But what if it didn't use that power? Suppose that before starting any negotiations, the shareholder voluntarily relinquished any power it had over the corporation.
In this case the acquiror it said it would negotiate only against an independent committee of the board (none of the directors it controlled would vote on the deal) and wouldn't complete the deal unless it was approved by the minority shareholders. Further, it promised that if the independent directors or the shareholders rejected the deal, the shareholder wouldn't go hostile; it just wouldn't do the deal.
Where a controlling shareholder yields up their power voluntarily and in advance, we apply the business judgment rule. Yielding up the power requires that the controller preconditions transaction on the approval of both an independent committee and a majority of the minority stockholders. The committee must be empowered to freely select its own advisors and to say no definitively.
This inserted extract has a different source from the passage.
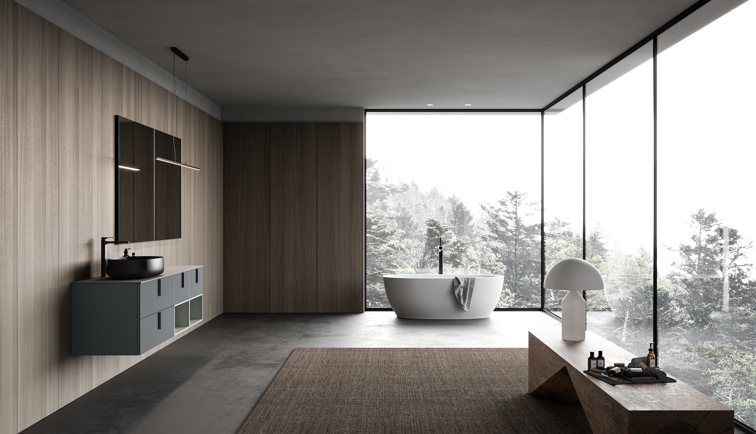 Ein Entwurf, der verdeutlicht, dass die Asymmetrie von Volumen im zeitgenössischen Design mittlerweile ein absolutes Muss ist. Die dezentral angeordneten Spiegel werden beinahe selbst zu einem architektonischen Element, verziert durch die prächtige HUNG-Lampe.

It must also satisfy its duty of care. The vote by the minority shareholders must be informed and uncoerced.
If all these processes are in place, the business judgment rule applies.
But what if we only do some of these? If the majority shareholder does one of these two protections (independent board or approval by the minority shareholders), the transaction is reviewed for entire fairness, but the burden of proof shifts to the plaintiffs (recall that defendents typically bear the burden of proof under entire fairness review). This provides a mild incentive for the controller to allow these independent actions.